- SOURCE DATA -
====================

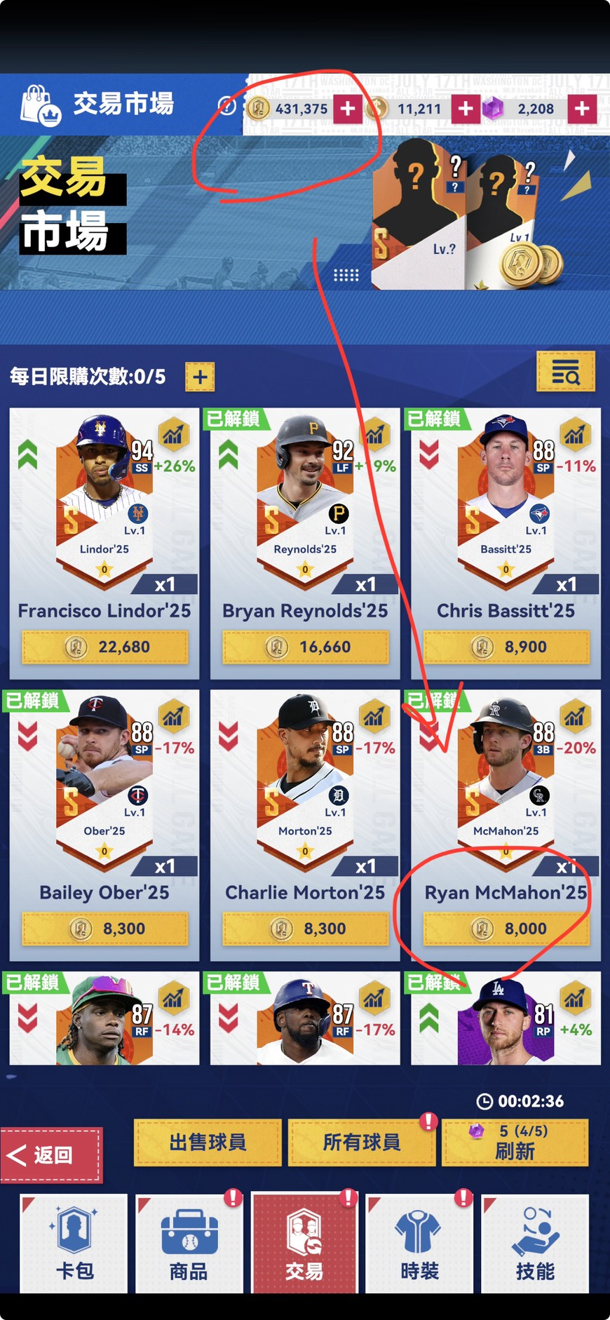 1.先發9人、先發投手都SS卡;共21張SS卡;幾張已8星
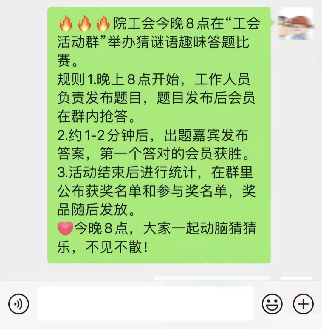 阳春三月,乍暖还寒中,yl23411永利官网的女教工们又迎来了一年一度的“三八妇女节”。为庆祝“三八”女神节,院工会于3月7日晚8时举行线上猜谜语趣味答题比赛。
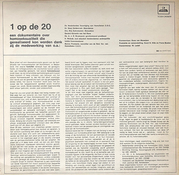 No Artist - 1 Op De 20 (Een Dokumentaire Over Homosexualiteit) (LP, Album)

====================

- TASK -
The result should be the listing above, restated exactly, with no pictures in it.

- TASK RESULT -
 1.先發9人、先發投手都SS卡;共21張SS卡;幾張已8星
 阳春三月,乍暖还寒中,yl23411永利官网的女教工们又迎来了一年一度的“三八妇女节”。为庆祝“三八”女神节,院工会于3月7日晚8时举行线上猜谜语趣味答题比赛。
 No Artist - 1 Op De 20 (Een Dokumentaire Over Homosexualiteit) (LP, Album)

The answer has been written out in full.